Matthew tells of a quake and its aftershock in chapters 27 and 28 that occurred during the Passover when Jesus was sacrificed and reborn. The first quake occurred when Jesus breathed His last breath (verses 50-54). The thick curtain in the Temple was torn revealing the empty Holy of Holies and tombs around Jerusalem were opened. The timing convinced the centurion and soldiers that Jesus was the Son of God. The aftershock was provided by an angel who rolled the sealing stone out of the way, so the women could not find the body.  

There is a movie/documentary called the Crucifixion Quake. I saw three strands in this movie. The main strand was a geologist trying to find evidence of the earthquake talked about by Matthew, he did. He used fieldwork, lab work, and some impressive studying of ancient text to confirm that the quake actually happened. Strand two was a priest and several scientists that supported the Bible and the Christian beliefs of this quake and other events of that day. Strand three had a New Age pundit and several “New Testament experts” that did not believe Matthew’s account or spun the story to neutralize Jesus and that day. Okay, I did a lot of fast-forwarding because strand three was giving me a headache. I may try watching it again and doing a better review, but.   

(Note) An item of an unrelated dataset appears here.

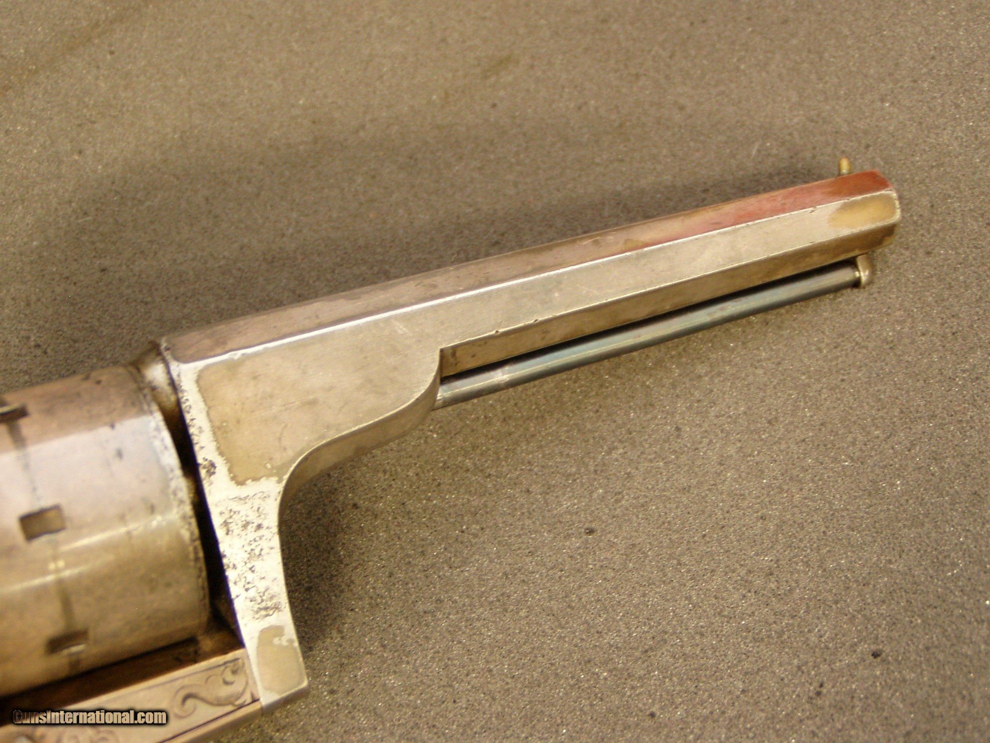 Description: Engraved and Silver Plated Moore's Patent Belt Revolver. .32 RF caliber. 5" octagon barrel with an excellent bore. Silver finish, walnut grips. The finish may have been originally silver-gilt. Only 5-8,000 of these revolvers were manufactured in 1861-1863. It has standard cone and notch sights, "D. MOORE. PATENT. SEPT. 18. 1860" on top of the barrel, serial number on the bottom of the barrel lug, scroll engraving with punched backgrounds on the frame and grip frame, and the matching assembly number "12" on the frame, cylinder, hammer, front strap, and grip. Very fine with 80% plus original silver plating, aged patinas throughout, crisp engraving, some minor pitting, and small marks. The grip is very good with glossy finish, slight shrinkage, and a small chip at the toe. Mechanically fine. Buyer pays $20.00 shipping to lower 48 states. I accept USPS Money Orders and Bank Cashier's Check.( Will accept Personal check, with shipping hold). 3% Credit Card Fee. Three Day non-firing non-disassembly inspection period. If returned, for any reason, full refund less shipping. Layaway Available! One third down, balance on or before end of 90 days. Other reasonable layaway options considered. ANTIQUE! SOLD Antique: Yes Manufacturer: MOORE'S PATENT FIRE ARMS COMPANY Model: BELT REVOLVER Serial Number: SERIAL #1693 Caliber Info: .32 RF Bore: 5 Chambers: 7 Ejectors: MANUAL ROD Condition: EXCELLENT Metal Condition: EXCELLENT Wood Condition: Excellent Bore Condition: Excellent Barrels: ONE Barrel Type: OCTAGON Action: SINGLE ACTION Triggers: ONE Stock: WALNUT Finish: SILVER PLATE & PATINA Sights: BARREL Manufacture Date: 1861-1863 Engraving: SCROLL ENGRAVING |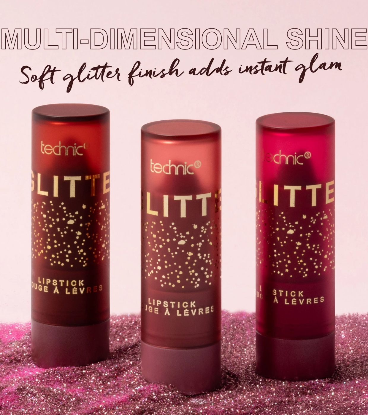 Altamente pigmentado e com um brilho sutil e sofisticado, o Glitter Lips da Technic Cosmetics realça qualquer look com um acabamento luminoso e glamoroso.

In my study I used this link for the word seismos. σεισμός | billmounce.com 

Luke records a specific earthquake that set Paul and Silas free from chains and helped to get the jailor and his family saved. Philippi is far removed from the Levant but is no stranger to fault lines, earthquakes, and volcanoes. 

Metaphors, Prophecy, and Quakes 

Many writers talk about earthquakes in the Bible. Jerusalem and the Land are the epicenter of these really and predicted quakes. There are several references to the hills and mountains melting like wax. Of course our modern minds go to lava. But active volcanoes near the Holy Land are few, so may I suggest that a landslide or rockslide could be described like that. 

  • Debroah-Judges 5: 4+5 
  • Micah 1:4 
  • Nahum 1:5  
  • Jesus – Matthew 24:7, Mark 13, and Luke 21 
  • David – Psalm 68:8 this echoes Deborah, Psalm 18:7, 2 Samuel 22:8 
  • Moses – Psalm 97: 5 (I think he wrote this psalm) 
  • Asaph and the sons of Korah – Psalm 77:18, 75: 3, 46: 3  
  • Isaiah14:16 (a reference to Satan); 29:6; 5:25; 24:18,19; 42:15; 45:8 
  • Zechariah 14:4,5 
  • Ezekiel 38:19 
  • John – Revelations 16:18,19; chapters 6, 8, and 11 also reference earthquakes 

Seismos is a Greek word that references more than earthquakes. What other events does it talk about? 

Many of the earthquakes mentioned by the prophets talk about a great earthquake that will happen on the “Day” of His return. This may not be all of the references to earthquakes in the Bible, but it should get you started in your studies.